Note: the KitchenSink module is a compatibility module mostly generated from my blog-generator, which let me have some up-to-date “news-from-the-blog” section in an app.

The presence of MonadAff in Halogen handlers is what contrasts the most with Elm. While in Elm, we would handle every request state change as a top-level action. PureScript helpfully takes care of turning the following code as asynchronous spaghetti for us. MonadAff would even allows us to trivial have more information inside the scope of loadKitchenSinkArticles if needed. In React, users resort to fetching libraries like SWR because other orthogonal concerns are non trivial in web-applications: we may need to reload a piece of information for a same entity many times across the lifecycle of an application.

Historical data types

Remote is a generally useful type.
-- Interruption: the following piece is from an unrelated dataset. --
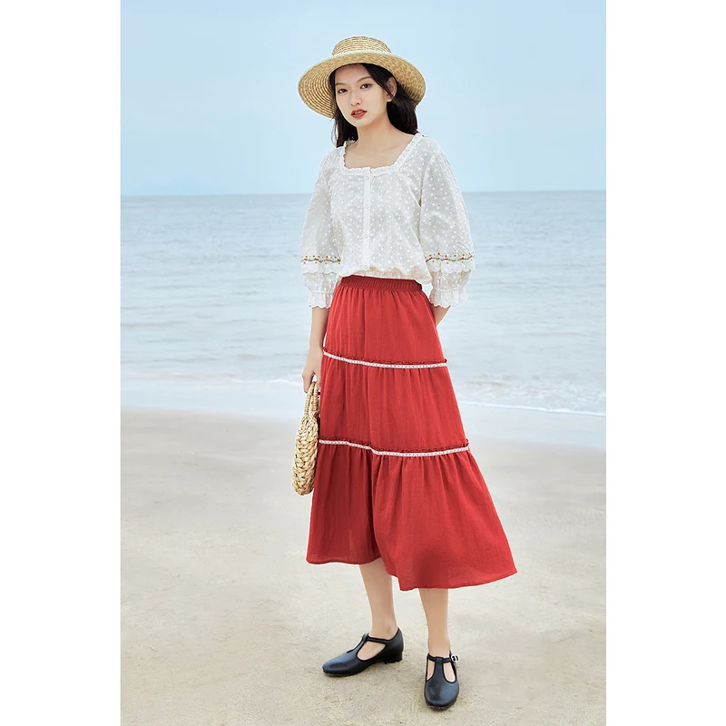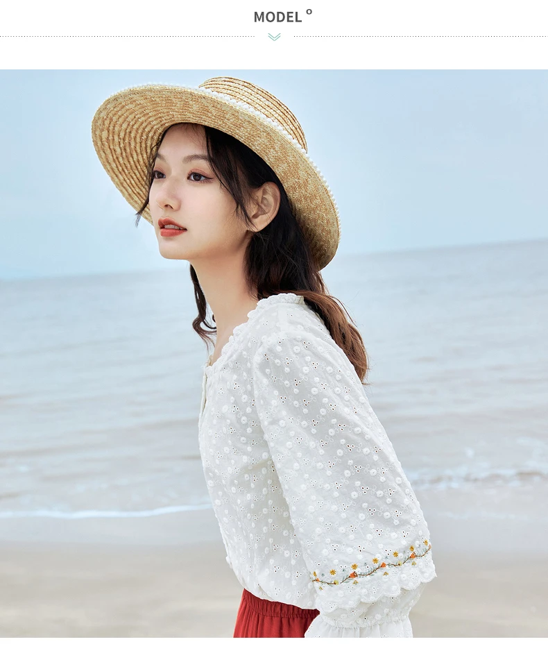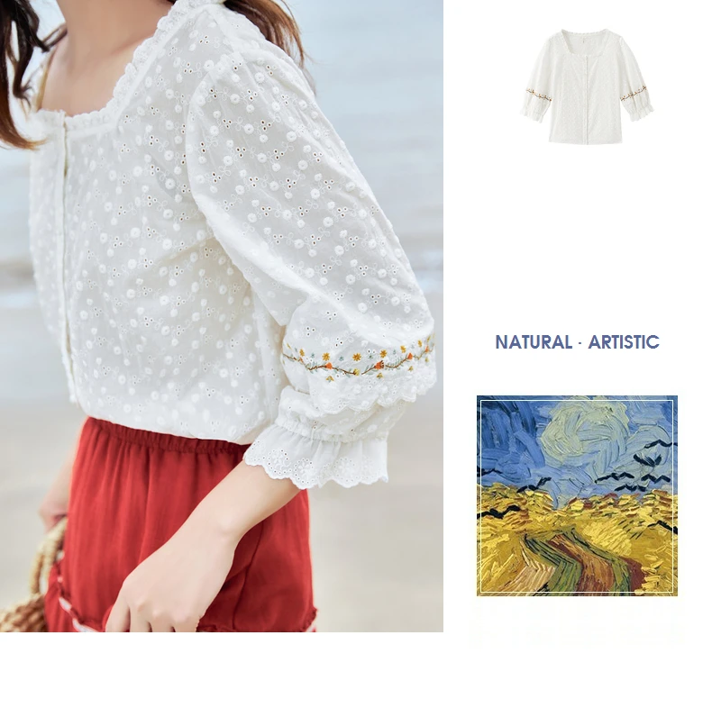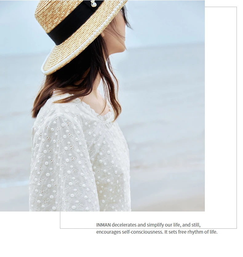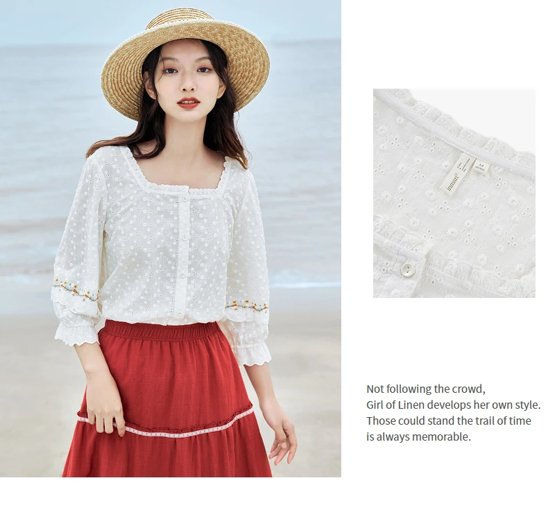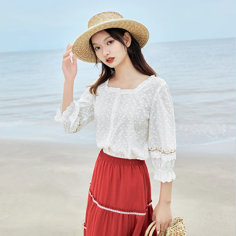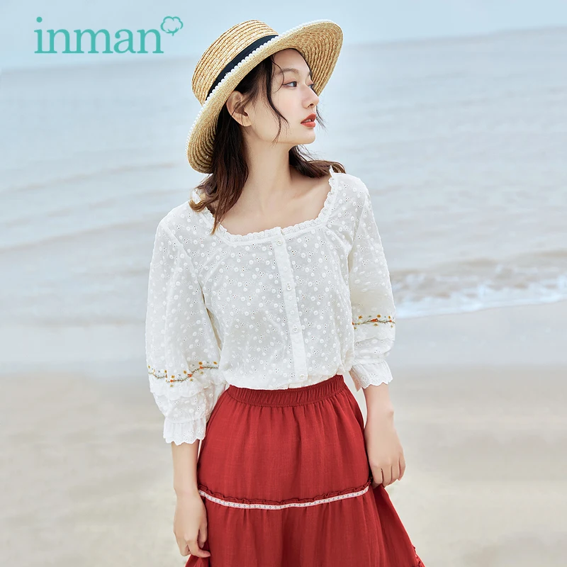 Винтажная белая блузка в стиле Инман, элегантная женская шикарная рубашка для девушек, Пляжная блузка с вышитыми цветами и квадратным воротником, топы Добби с рукавом 34

While iterating in my web-apps, I’ve come to the realization that web applications also need a few types to represent how we historize information.

Thanks to the ECS system with Seqnums, we naturally get an historical set of information about entities. Let’s say we have an application that needs to fetch Items with an image, a price, a currency and so on. We could store them by representing as entities the items in memory. Given that the data is remote, we will likely use a Remote ItemInfo somewhere. If we nest this Remote data type in an object having a Seqnum, it becomes natural to store multiple data-fetches for a same itemId.


type ItemInfo =
  { itemId :: UUID "item"
  , imageUrl :: Url
  , price :: Int
  , price_currency :: Currency
  ...
  }

type ItemFetchedData =
  { seqnum :: Seqnum "item-data-fetch"
  , itemId :: UUID "item"
  , info :: Remote ItemInfo
  }

type State =
  { entities ::
    { fetchedItems :: List ItemFetchedData
    }
  }

The entities.fetchedItems field of the State can thus represent an history of fetched data. We can use this history to perform any number of “summaries” via some form of Folding technique when consuming the State object (in views or in handlers).
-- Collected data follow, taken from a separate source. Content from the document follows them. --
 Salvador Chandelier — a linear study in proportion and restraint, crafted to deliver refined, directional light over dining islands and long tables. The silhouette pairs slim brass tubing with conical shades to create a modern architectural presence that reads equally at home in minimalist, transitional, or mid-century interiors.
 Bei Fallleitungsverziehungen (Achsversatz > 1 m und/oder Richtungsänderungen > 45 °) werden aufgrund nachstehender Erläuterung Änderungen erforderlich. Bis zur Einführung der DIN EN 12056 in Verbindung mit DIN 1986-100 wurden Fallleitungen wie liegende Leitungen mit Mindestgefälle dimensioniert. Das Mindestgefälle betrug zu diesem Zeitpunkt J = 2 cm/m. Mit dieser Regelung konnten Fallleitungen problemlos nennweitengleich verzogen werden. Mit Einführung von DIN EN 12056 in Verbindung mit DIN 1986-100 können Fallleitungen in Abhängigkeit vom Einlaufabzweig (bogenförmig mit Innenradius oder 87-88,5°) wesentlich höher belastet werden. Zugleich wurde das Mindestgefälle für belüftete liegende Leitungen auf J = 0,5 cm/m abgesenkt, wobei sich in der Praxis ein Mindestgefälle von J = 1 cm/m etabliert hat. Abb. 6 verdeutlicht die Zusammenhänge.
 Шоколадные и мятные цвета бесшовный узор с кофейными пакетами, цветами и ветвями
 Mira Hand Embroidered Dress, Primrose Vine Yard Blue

A typical and familiar “summary” is to pick the latest item.

latestItem :: ItemId -> State -> Maybe (Remote ItemInfo)
latestItem id state =
  List.find (\item -> item.itemId == id) state.entities.fetchedItems

This function will pick the latest Remote ItemInfo, however this means loading the latest-known data item as soon as we reload it. Sometimes we want to keep the knowledge of the fact that an item is outdated. A typical sum-type I use is Historical, which helps encoding the fact that a piece of information has been never seen, is outdated (e.g., because we are reloading it or resynchronizing it), or is expected to be the current last known state.

data Historical a
  = UnheardOf
  | Outdated a
  | Current a

We can then lookup a Historical ItemInfo by extracting an ItemInfo from the first non-loading, non-errored Remote, with a distinction whether a more-recent Loading one exists.

In general, adding these utilitarian data types significantly reduces the risk of bugs and the risk of quirks in applications with multiple rendered sub-components.
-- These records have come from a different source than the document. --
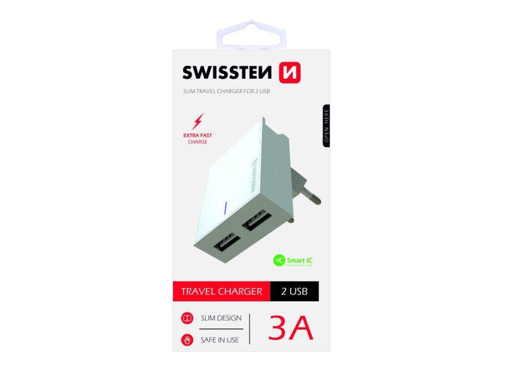 SWISSTEN adaptér 230V/3A 2xUSB BÍLÁ
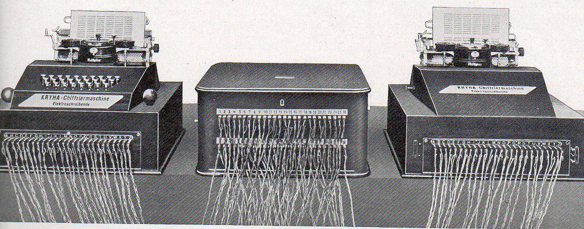 The Kryha ciphering/enciphering machine was invented by Ukranian Alexander Kryha (d. 1955) and was capable of coding about 350 characters a minute. It was used to enforce secrecy in business transactions, and was used in conjunction with (at least) Siemens telegraphic equipment. I found these images (except for the patent drawings) of the Kryha machines in several issues of the Illustrirte Zeitung (Leipzig) for 1929, all of which are unusual and evidently not findable as good copies online--and so I'm simply reposting them here.
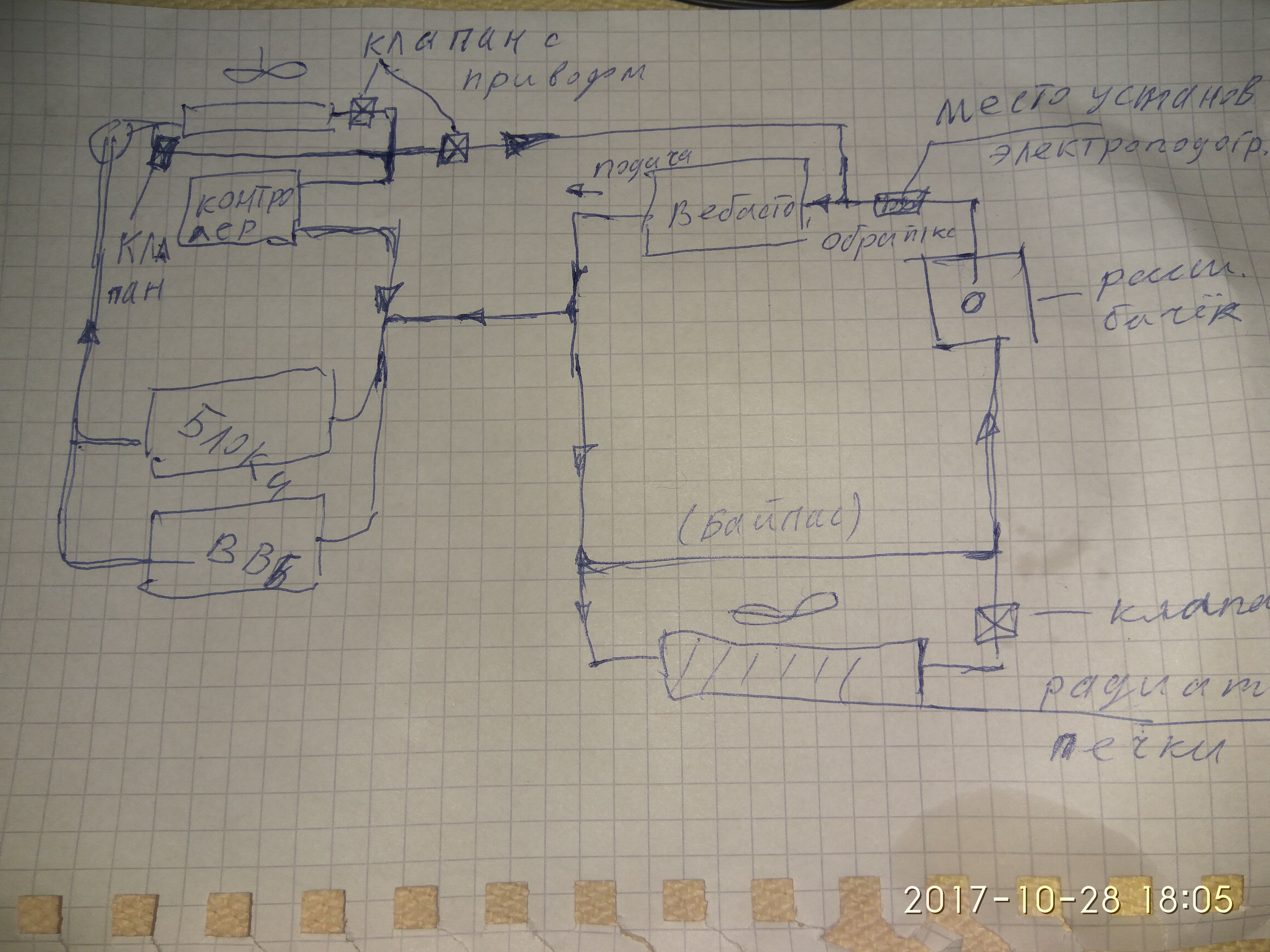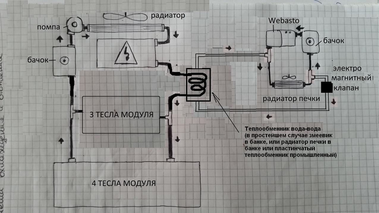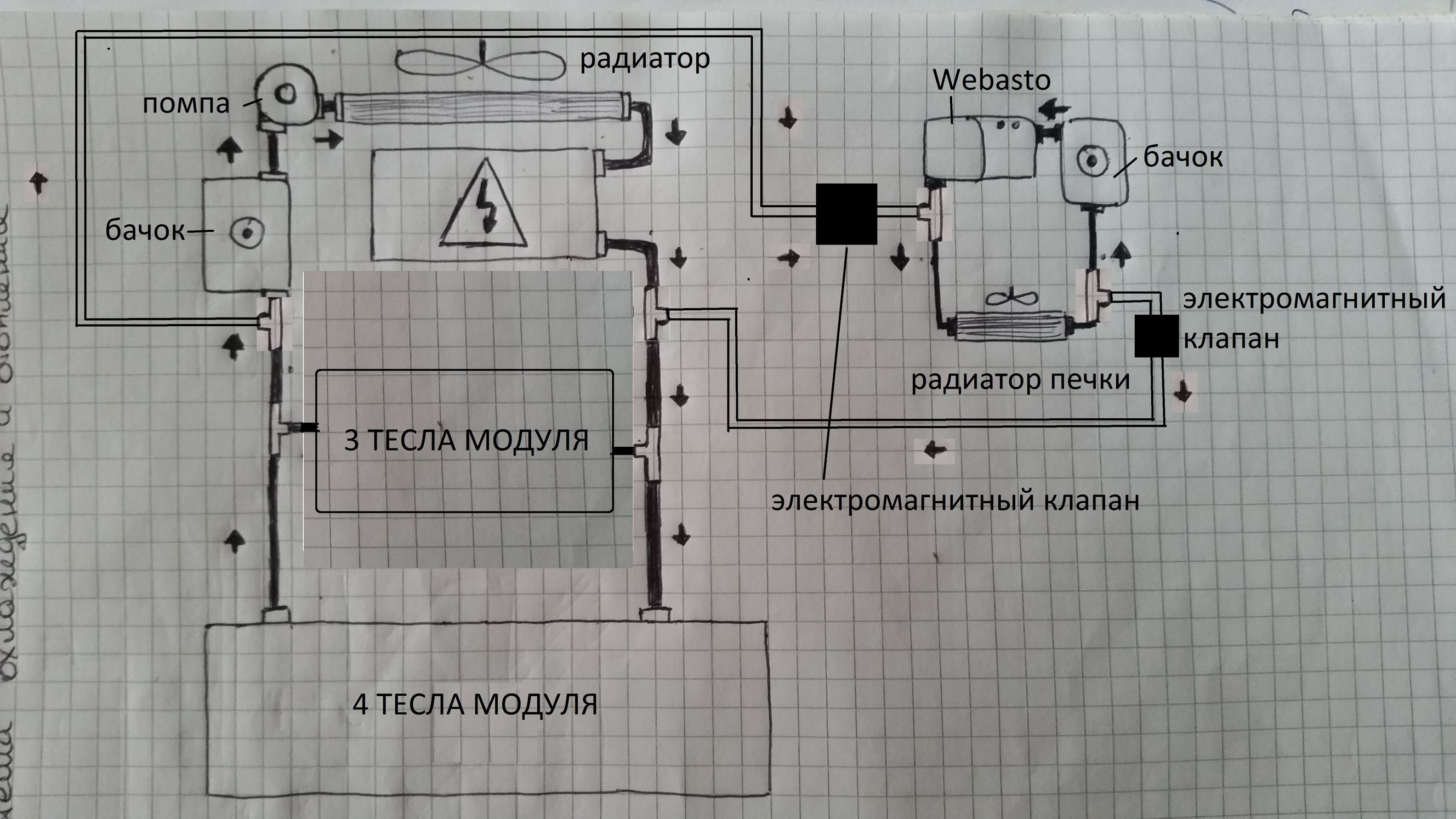 А так как в контуре СО и отопления один и тот же антифриз (можно и универсалку залить) и появилась идея подсоединяться, например электроклапанами, к контуру отопления, если температура батареи ниже например 15°С. Тем более зимой можно заряжать ВВБ только при положительной температуре на ней и чем ближе будет к 25°C тем лучше. По логике если ВВБ нужен будет подогрев, значит и в салоне уже не так и тепло так же. В добавок приятным бонусом возможно было бы еще то, что температура жидкости для радиатора печки была бы уже ниже и возможно не было бы через чур жарко в салоне при не очень холодной температуре снаружи. Но все оно хорошо в теории, пока не перейдешь к практике, но даже еще до нее, умные и опытные люди

Some care is required, however, to ensure that when picking a value among a series of Remote ItemInfo we pick the relevant value. Most often, we want to display the latest requested item, however some re-ordering can occur when asking two data-versions concurrently: some re-ordering can occur.

It’s best to add some tests to ensure that your State-update functions do what you want. But in short, if you do not store hundreds of fetchedItems at once, you can keep appending fetchedItems as items are requested.: (i.e., the left-most items in the array represent the latest-requested version). You can then decide to keep or drop some Remote ItemInfo on a per-item-id basis.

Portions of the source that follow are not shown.